After creating the CSR arrays I used std::shuffle
to achieve the same.
int* offset;
int* value;
convert_VecOfVec_to_CSR(a, offset, value);
shuffleIt(offset, value, n);
// DEFINITION
void shuffleIt(int *&offset, int* &value, int n){
#pragma acc parallel loop
for (int i = 0; i < n; ++i) {
std::shuffle(value+offset[i], value+offset[i+1] ,std::default_random_engine(rand()));
}
}
When acc=multicore
is used the code compiles and runs fine. But I got the below error for gpu
. Does that mean I can NOT use std::shuffle
or random
functions in my OpenACC's gpu
code? I recall math.h
functions were working fine. Please advice. Thanks.

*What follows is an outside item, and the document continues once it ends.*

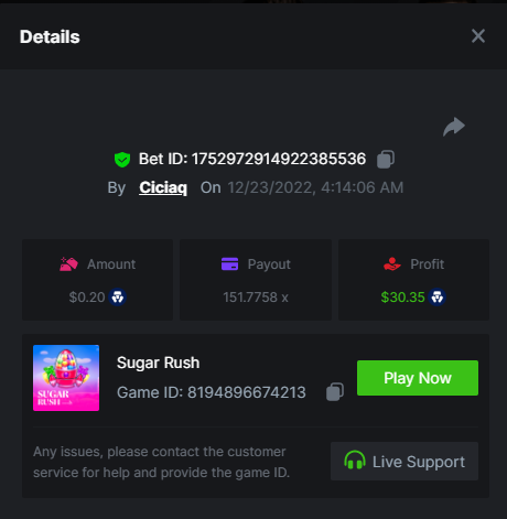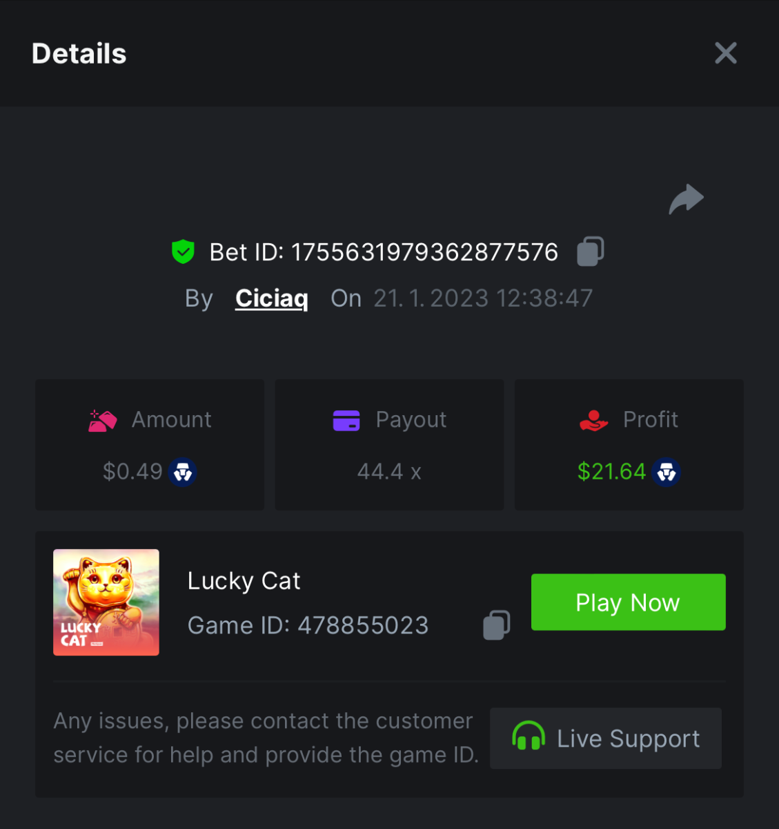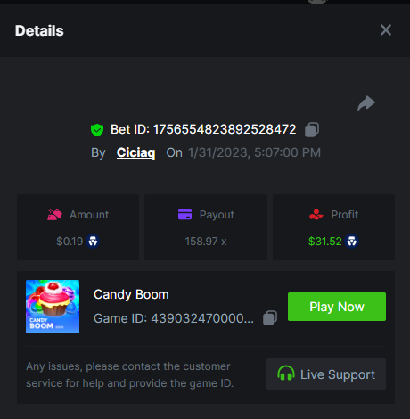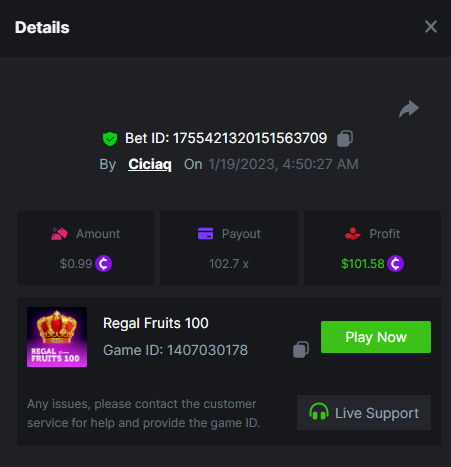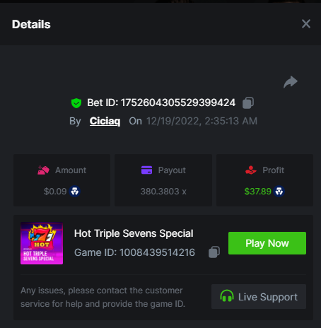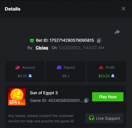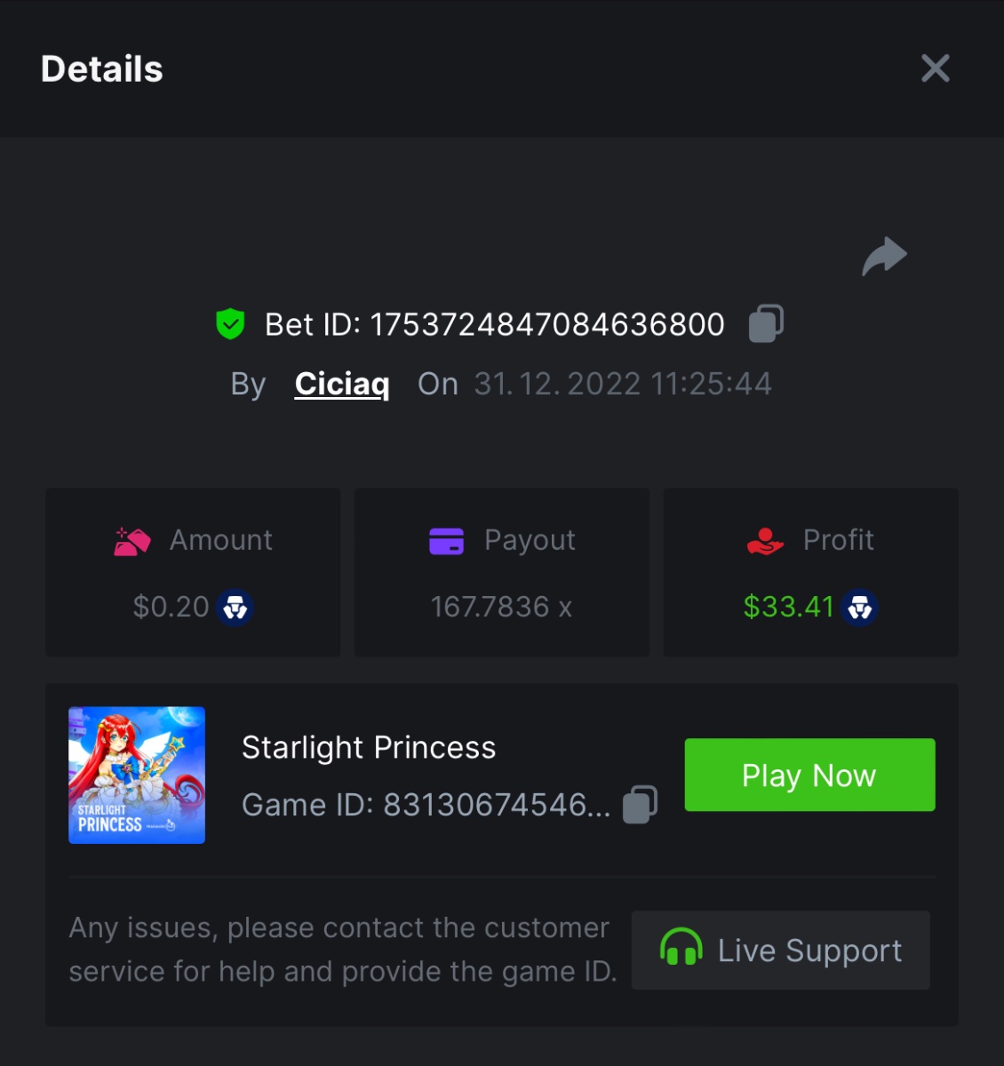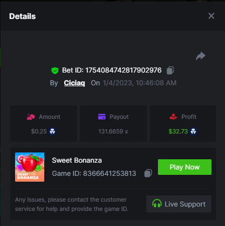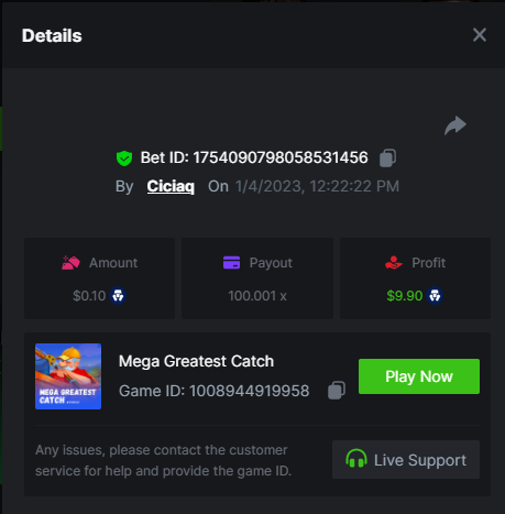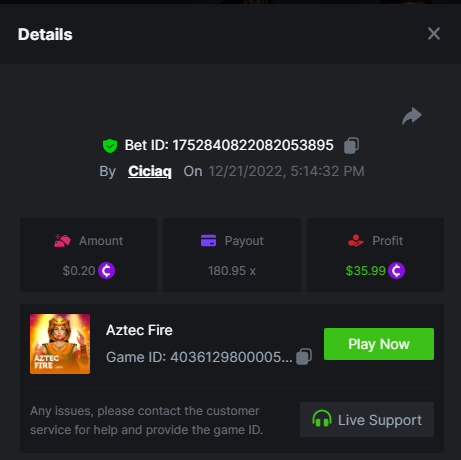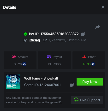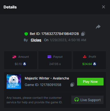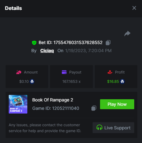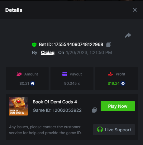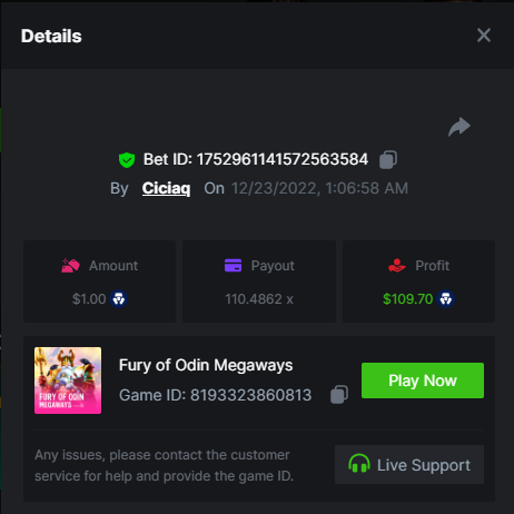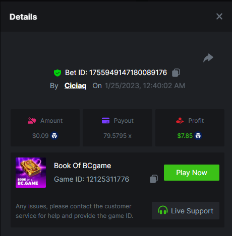 8. Story of Medusa 2 - 15.02x https://bc.game/#/sd/1123634SNL03KJ Wolf Fang - Snowfall - 21.67x https://bc.game/#/sd/1123253W7HMY37 Book of BCGAME - 79.58x https://bc.game/#/sd/11235VK3ZZCAAB Book Of Rampage 2 - 167.17x https://bc.game/#/sd/111Q81IG8W7H8Z Book Of Demi Gods IV - 90.05x https://bc.game/#/sd/111S31U2Y2UGPF Queen of Ice- Frozen Flames - 174.09x https://bc.game/#/sd/111TIXY9T5KKR7
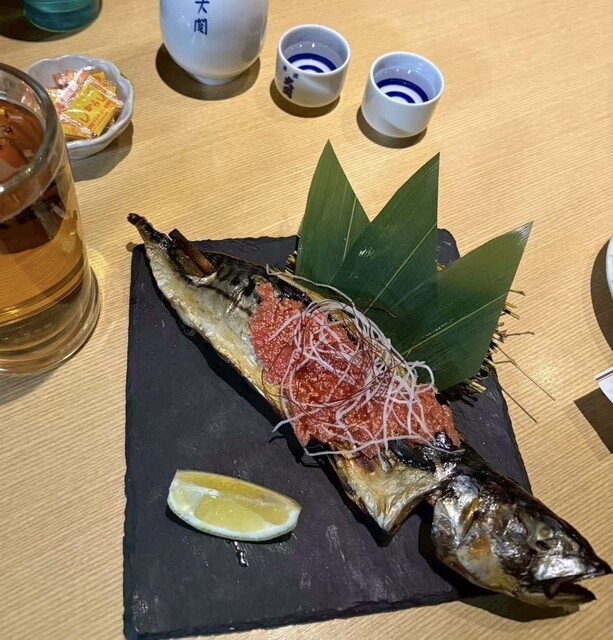 脂ののった大ぶりのさばに、ピリッとした明太子の風味が重なり、濃厚ながらも後味はさっぱり。炉端で丁寧に焼き上げられており、皮目はパリッと香ばしく、身はふっくら。これはぜひ頼んでほしい看板メニューです。

$ nvc++ -acc -gpu=managed -Minfo=all shuffle-2D-csr2.cpp -o shuffle-2D-csr2.out && ./shuffle-2D-csr2.out
NVC++-S-1061-Procedures called in a compute region must have acc routine information - std::linear_congruential_engine<unsigned long, (unsigned long)16807, (unsigned long)0, (unsigned long)2147483647>::linear_... (shuffle-2D-csr2.cpp: 66)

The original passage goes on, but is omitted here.